- [What the exercise asks] Would you please set down, word for word, the lines from the one with "廚房,臥室 → 餐廳多功能區" through the final line of the data below, omitting any pictures?
═══ Excerpted records ═══
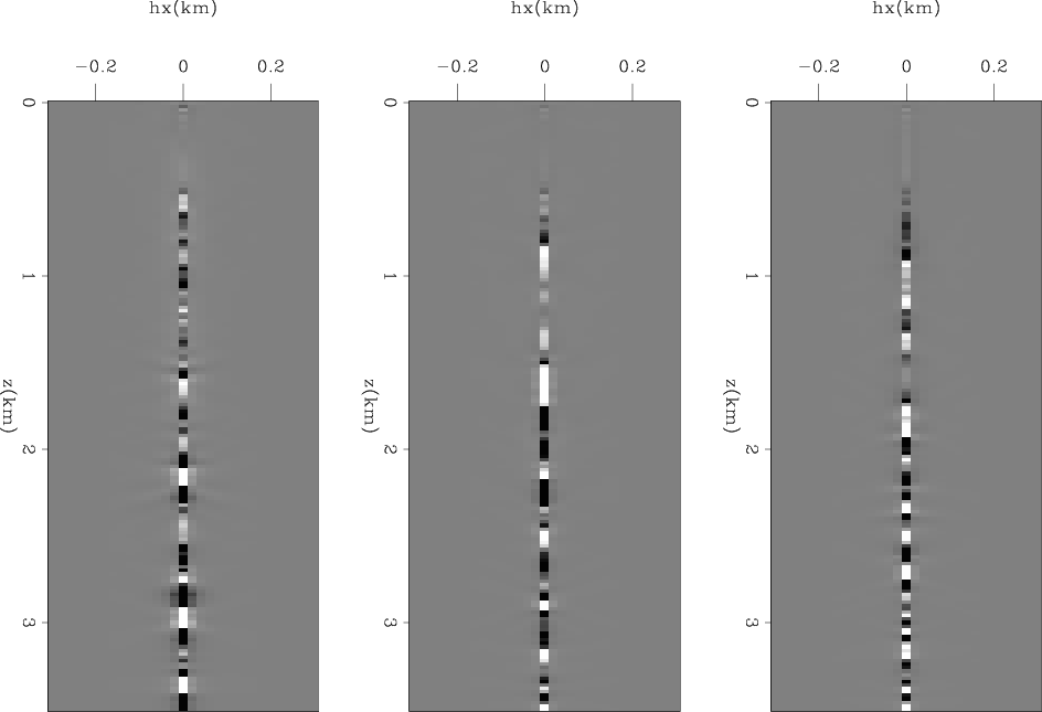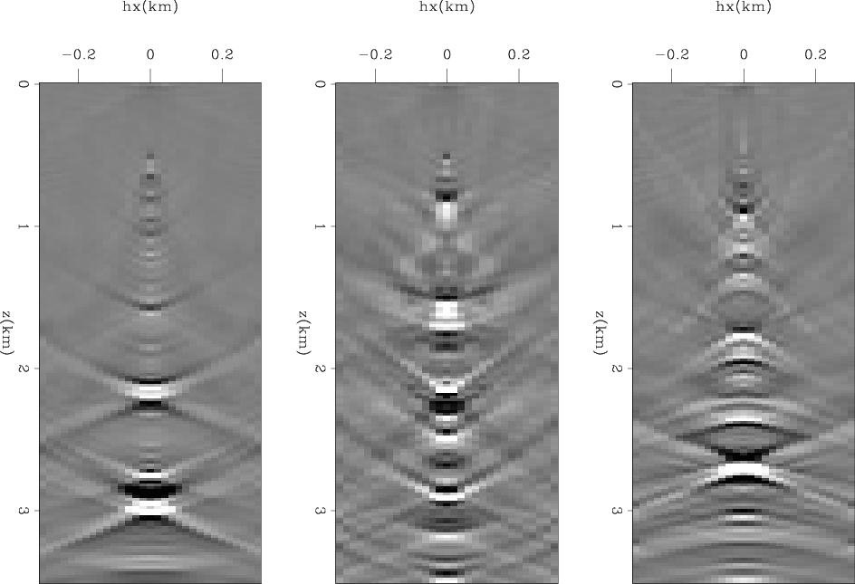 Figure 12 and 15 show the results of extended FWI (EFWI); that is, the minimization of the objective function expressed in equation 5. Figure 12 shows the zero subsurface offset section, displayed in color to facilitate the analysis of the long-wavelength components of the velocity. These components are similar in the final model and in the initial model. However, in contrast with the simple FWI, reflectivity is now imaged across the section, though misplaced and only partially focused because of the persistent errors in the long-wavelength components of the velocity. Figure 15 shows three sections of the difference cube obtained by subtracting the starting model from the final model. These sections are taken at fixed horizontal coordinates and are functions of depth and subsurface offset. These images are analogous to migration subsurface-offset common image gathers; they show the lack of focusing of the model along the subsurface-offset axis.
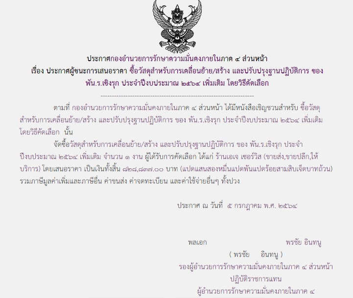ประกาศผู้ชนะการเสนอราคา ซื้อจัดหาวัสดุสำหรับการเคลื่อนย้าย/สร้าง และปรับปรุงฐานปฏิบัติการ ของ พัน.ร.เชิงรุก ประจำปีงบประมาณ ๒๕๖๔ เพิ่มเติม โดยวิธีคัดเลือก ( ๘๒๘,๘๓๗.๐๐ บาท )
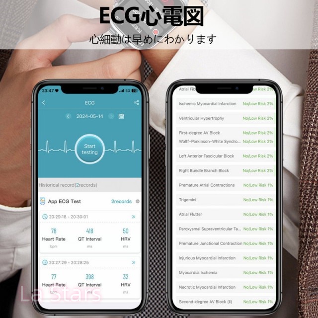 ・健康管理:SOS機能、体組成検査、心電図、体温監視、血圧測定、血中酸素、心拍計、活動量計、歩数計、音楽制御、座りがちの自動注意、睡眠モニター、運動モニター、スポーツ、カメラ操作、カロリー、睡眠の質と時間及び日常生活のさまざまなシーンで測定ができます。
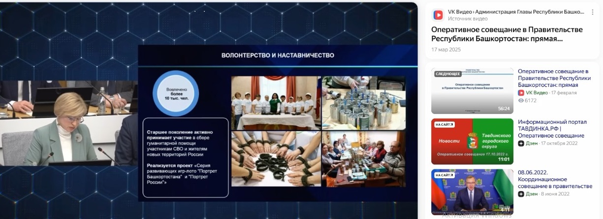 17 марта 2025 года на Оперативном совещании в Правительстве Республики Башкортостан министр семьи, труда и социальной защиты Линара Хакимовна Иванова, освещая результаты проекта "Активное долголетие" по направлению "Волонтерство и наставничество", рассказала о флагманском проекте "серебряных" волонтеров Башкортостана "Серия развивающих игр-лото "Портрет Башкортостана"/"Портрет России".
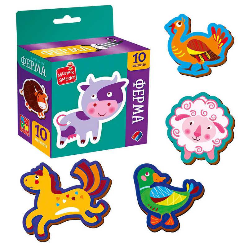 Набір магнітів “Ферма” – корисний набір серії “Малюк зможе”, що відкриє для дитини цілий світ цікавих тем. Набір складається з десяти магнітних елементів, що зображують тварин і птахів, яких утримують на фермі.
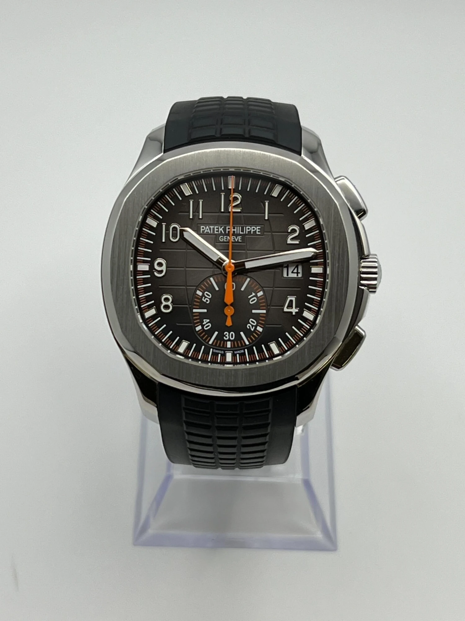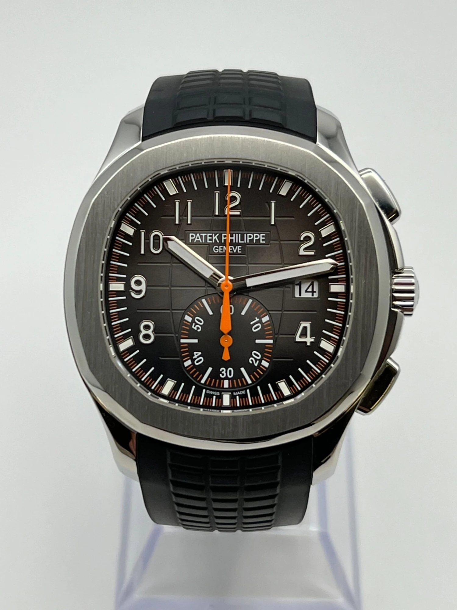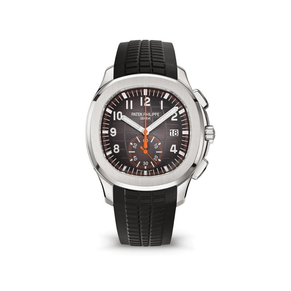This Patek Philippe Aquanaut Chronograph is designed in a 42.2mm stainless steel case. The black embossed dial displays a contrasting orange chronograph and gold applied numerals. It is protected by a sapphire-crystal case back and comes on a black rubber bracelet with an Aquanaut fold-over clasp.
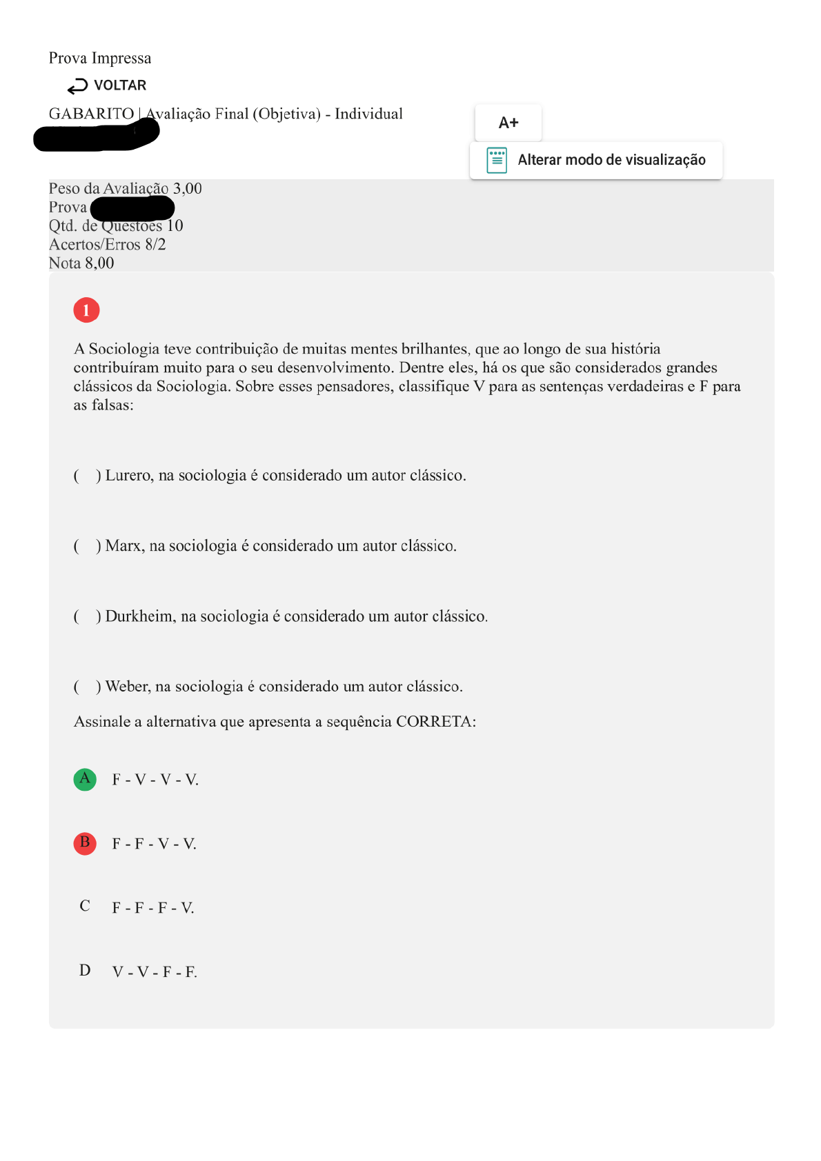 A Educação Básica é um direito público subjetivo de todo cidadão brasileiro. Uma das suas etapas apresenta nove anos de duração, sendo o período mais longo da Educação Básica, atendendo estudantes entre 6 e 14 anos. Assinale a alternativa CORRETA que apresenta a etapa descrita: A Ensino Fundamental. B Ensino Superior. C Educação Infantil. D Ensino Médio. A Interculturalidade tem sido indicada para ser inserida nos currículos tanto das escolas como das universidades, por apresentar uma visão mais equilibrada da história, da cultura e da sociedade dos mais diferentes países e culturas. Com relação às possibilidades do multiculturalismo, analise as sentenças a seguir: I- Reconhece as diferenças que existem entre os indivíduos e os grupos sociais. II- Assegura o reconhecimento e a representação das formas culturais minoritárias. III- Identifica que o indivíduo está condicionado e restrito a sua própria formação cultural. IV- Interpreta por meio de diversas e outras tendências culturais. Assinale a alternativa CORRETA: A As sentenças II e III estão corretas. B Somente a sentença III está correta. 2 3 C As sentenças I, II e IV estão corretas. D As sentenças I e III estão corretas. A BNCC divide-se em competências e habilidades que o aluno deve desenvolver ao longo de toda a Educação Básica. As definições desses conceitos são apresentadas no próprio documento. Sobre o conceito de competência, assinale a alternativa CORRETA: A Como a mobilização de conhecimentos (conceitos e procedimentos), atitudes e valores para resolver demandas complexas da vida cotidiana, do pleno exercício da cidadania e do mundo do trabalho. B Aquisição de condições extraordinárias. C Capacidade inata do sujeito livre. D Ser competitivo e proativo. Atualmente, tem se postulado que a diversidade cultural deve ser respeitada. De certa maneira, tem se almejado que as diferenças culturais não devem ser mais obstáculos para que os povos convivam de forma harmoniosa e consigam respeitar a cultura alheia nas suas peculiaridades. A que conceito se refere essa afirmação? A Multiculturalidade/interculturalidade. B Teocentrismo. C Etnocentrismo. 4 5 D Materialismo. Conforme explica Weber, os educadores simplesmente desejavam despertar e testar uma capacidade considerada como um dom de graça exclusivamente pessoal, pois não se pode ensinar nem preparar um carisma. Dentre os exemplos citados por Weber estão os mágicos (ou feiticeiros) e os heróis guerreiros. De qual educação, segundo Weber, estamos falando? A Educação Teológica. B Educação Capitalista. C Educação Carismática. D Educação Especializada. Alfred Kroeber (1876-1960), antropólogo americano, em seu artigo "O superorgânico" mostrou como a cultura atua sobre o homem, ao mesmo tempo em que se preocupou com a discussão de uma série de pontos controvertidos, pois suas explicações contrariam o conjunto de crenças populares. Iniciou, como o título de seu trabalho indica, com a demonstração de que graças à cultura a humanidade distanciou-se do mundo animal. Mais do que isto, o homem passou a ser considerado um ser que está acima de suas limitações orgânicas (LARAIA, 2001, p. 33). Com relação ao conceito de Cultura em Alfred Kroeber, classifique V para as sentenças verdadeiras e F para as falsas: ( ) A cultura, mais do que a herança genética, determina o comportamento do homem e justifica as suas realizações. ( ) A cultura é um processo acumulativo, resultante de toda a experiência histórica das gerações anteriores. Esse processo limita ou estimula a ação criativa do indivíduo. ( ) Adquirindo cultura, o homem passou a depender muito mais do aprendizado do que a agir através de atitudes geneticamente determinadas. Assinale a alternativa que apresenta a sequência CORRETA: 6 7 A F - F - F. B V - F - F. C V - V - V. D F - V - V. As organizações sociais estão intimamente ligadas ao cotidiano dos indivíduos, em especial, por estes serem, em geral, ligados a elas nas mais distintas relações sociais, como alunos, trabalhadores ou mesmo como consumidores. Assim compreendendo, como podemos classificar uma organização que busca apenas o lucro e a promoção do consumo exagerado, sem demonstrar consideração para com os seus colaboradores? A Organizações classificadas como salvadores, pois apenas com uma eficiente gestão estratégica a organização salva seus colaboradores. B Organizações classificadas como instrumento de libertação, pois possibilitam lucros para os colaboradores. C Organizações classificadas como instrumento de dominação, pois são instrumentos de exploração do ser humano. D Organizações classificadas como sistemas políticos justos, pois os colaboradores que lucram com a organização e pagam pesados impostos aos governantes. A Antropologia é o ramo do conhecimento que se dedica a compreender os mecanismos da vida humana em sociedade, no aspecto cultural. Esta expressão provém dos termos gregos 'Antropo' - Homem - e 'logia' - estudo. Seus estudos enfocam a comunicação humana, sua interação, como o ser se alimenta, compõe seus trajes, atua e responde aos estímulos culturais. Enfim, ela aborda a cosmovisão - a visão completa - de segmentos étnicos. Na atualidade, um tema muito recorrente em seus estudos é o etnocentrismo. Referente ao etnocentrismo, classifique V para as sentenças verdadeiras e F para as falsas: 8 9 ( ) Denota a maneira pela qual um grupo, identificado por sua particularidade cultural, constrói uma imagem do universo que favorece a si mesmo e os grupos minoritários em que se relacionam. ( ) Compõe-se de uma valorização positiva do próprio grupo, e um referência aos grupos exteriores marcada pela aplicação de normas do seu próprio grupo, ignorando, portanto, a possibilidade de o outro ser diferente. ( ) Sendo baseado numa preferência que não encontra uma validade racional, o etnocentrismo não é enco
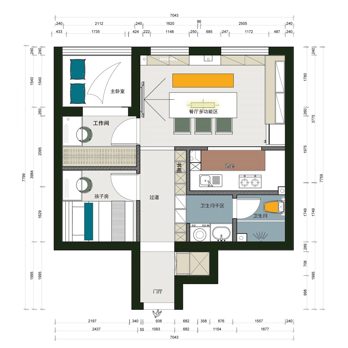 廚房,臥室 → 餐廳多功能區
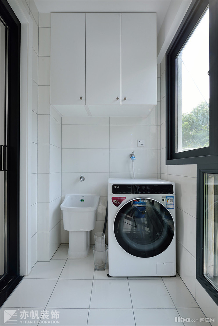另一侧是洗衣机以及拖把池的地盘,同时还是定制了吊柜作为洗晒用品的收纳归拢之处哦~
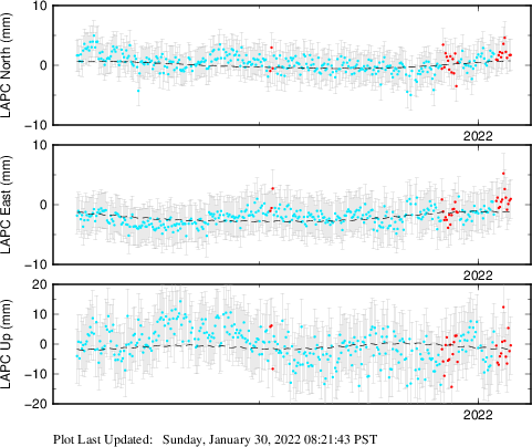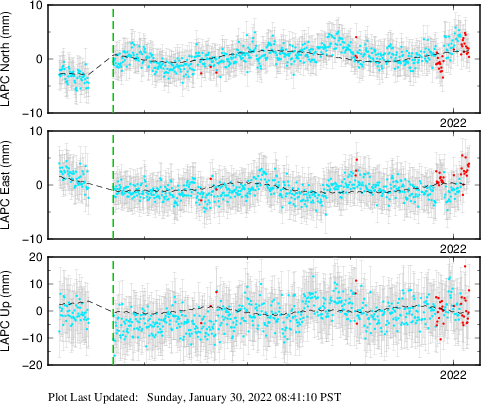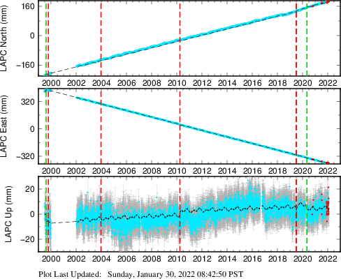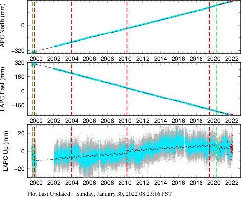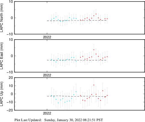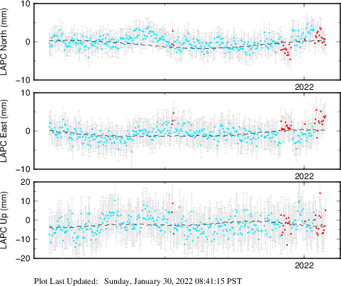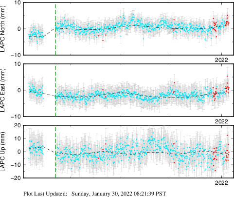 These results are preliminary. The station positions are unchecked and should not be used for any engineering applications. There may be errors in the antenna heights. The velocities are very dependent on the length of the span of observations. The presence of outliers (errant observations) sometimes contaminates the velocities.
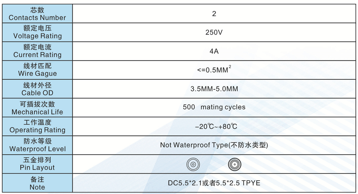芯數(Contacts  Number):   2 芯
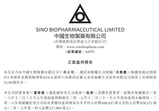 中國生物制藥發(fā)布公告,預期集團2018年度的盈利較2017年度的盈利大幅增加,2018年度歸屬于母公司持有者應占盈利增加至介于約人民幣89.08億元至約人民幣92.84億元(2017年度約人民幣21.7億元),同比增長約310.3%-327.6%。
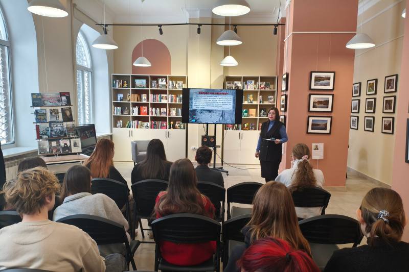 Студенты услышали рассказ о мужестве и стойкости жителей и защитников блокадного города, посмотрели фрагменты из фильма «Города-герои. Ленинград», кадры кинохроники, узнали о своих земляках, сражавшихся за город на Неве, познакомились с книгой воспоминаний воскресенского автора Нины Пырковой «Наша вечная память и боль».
═══
- [Problem solution]
 廚房,臥室 → 餐廳多功能區
另一侧是洗衣机以及拖把池的地盘,同时还是定制了吊柜作为洗晒用品的收纳归拢之处哦~
 These results are preliminary. The station positions are unchecked and should not be used for any engineering applications. There may be errors in the antenna heights. The velocities are very dependent on the length of the span of observations. The presence of outliers (errant observations) sometimes contaminates the velocities.
芯數(Contacts  Number):   2 芯
 中國生物制藥發(fā)布公告,預期集團2018年度的盈利較2017年度的盈利大幅增加,2018年度歸屬于母公司持有者應占盈利增加至介于約人民幣89.08億元至約人民幣92.84億元(2017年度約人民幣21.7億元),同比增長約310.3%-327.6%。
 Студенты услышали рассказ о мужестве и стойкости жителей и защитников блокадного города, посмотрели фрагменты из фильма «Города-герои. Ленинград», кадры кинохроники, узнали о своих земляках, сражавшихся за город на Неве, познакомились с книгой воспоминаний воскресенского автора Нины Пырковой «Наша вечная память и боль».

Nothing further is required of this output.